Lots of languages have no 'h' — in French, it's never aspirate, common part of diphthongs, yes, otherwise virtually unpronounced. None in Russian. Yes in German.

Heya tern!

heya

Hi @Ted

I just remembered I have to grade 3 assignments today. I needed today to do work.

:(

Hi @Balarka, g'night @MikeM ... So much for procrastination

Three assignments = 3 papers? Or a class of papers in three subjects?

That's how I feel like when I have to spend the day doing schoolwork instead of math.

It's tough not being emperor of the world, isn't it, Balarka?

More reasons to set Trump as an idol, eh?

Precisely.

@AndrewThompson 30 papers per week from three weeks.

Oh that sucks.

Good thing you're not grading for me. I would have gotten you fired for not returning each week's in a timely fashion.

/rant

I want to show that if $f(z)$ has a pole of order $m$ at $z=0$ then $f(z^2)$ has a pole of order $2m$ at $z=0$

Hope that justifies it for you.

I expressed my regrets about that a while ago, and I'm sorry. But stop chatting.

I can't remove.

@Lozansky: So what's your problem?

Would it suffice to look at $g(z)=1/f(z)$ , claim that $g$ has $m$ zeros and that $g(z^2)$ would then by some nice theorem have $2m$ zeros?

Do you know about Laurent series?

Yeah

How do you define order of a pole using those?

$$\sum_{j=-m}^{\infty} a_jz^{2j}$$

Ah, well, then, aren't you done?

Am... I?

Well, you didn't answer my question ... from the Laurent series, what tells you the order of the pole?

I only know that if $a_{-m} \neq 0$ we have a pole of order $m$

The lowest (negative) term with a nonzero coefficient.

Right

Well

OK, and then you told me the Laurent series for $f(z^2)$.

Yes

What's the lowest order term that appears?

$a_{-m}z^{-2m}$

And what's the power on $z$?

$-2m$

Hence ...

Huh

Well that's neat

I somehow got confused by the fact that we wouldn't have $2m$ terms with negative exponents

yeah, that is irrelevant. :)

$z^{-3} + e^z$ still has a pole of order $3$ at $0$.

Yeah we only have to look at the lowest order term

Righto.

Neato

Doing your $1/f(z)$ thing will amount to the same argument.

I think I'll ponder on some S-W classes today instead of diffgeom.

But then I would want to express $1/f(z)$ as a power/Taylor series?

right ... but then you have to note that you have a Taylor series at $0$ because the singularity is removable.

I prefer just looking at the Laurent series, myself. :)

Oh okay

Would we say $x/x$ has a (removable) singularity at $x=0$?

Yup.

So when someones write $x/x = 1$ I would say "That's not quite correct"

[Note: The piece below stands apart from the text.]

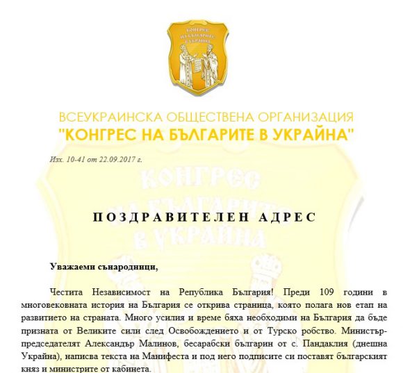 Честита Независимост на Република България! Преди 109 години в многовековната история на България се открива страница, която полага нов етап на развитието на страната. Много усилия и време бяха необходими на България да бъде призната от Великите сили след Освобождението й от Турско робство. Министър-председателят Александър Малинов, бесарабски българин от с. Пандаклия (днешна Украйна), написва текста на Манифеста и под него подписите си поставят българският княз и министрите от кабинета.
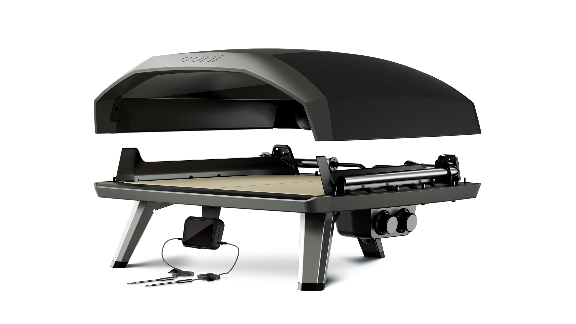 Außerdem verfügt er über ein brandneues, digitales Temperatur-Hub. Es liefert Messwerte von verschiedenen Stellen im Ofen, sodass Sie genau wissen, wann es Zeit zu backen oder zu kochen ist. Der Hub enthält außerdem zwei Temperatursensoren, mit denen Sie die Kerntemperatur von Fleisch messen können. Außerdem können Sie sich via Bluetooth mit dem digitalen Temperatur-Hub verbinden, um die Temperaturen zu überwachen, während Sie mit den Vorbereitungen beschäftigt sind.

Right, domains are different.

$$\sum_{j=k}^{\infty} a_j(z-z_0)^j + \sum_{j=-\infty}^{\infty} b_j(z-z_0)^j = \sum_{j=-\infty}^{\infty} b_j(z-z_0)^j+u_{k}a_j(z-z_0)^j$$

Huh?

I arrived at this expression earlier while adding a function that has a pole of order $k$ at $z_0$ and a function that has an essential singularity at $z_0$

$u_k$ is the heaviside function

You can't use Heaviside functions in complex analysis.

Damn it

And your first sum should start at $j=-k$.

What's the notation for the tautological bundle on $\text{Grass}(k, n)$?

$k$ is a negative integer

You write the formula as $\sum\limits_{j=-\infty}^\infty c_j(z-z_0)^j$, where $c_j = b_j$ for $j<k$ and $c_j=a_j+b_j$ for $j\ge k$.

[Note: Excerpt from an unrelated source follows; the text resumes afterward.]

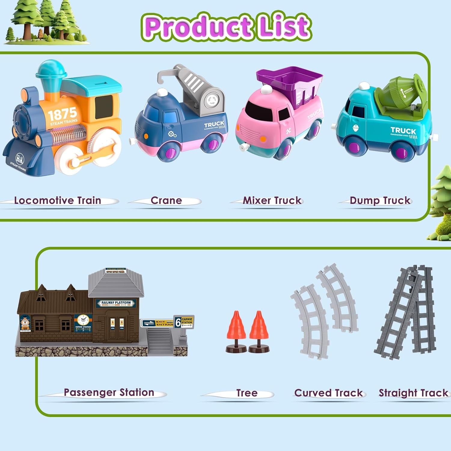 • TODDLER TRAIN SET: Includes 1 light-up Locomotive with sounds, 1 locomotive train, 1 crane, 1 mixer truck, 1 dump truck, 1 passenger station, 2 trees, 8 curved rails and 2 straight tracks (form a oval Tracks ), This train set for toddlers easy assembly, the train toy encourages kids to build their own track layouts, make independent decisions and solve problems independently. The variety of combinations helps spark creativity and enhance focus

I usually write $E$, @Balarka, and $Q$ for the quotient tautological bundle.

Oh yeah that makes a lot more sense

So it's clear that the sum has an essential singularity at $z_0$

As long as you know there are infinitely many nonzero negative coefficients, @Lozansky.

I do because $k \neq -\infty$

@TedShifrin Sounds good, but that leaves the $k$ and $n$ implicit :)

If you're working on a fixed Grassmannian, it's understood, @Balarka. If not, add notation.

Fair enough.

Well, yes, @Lozansky, and because there are infinitely many nonzero $b_j$ for $j<0$.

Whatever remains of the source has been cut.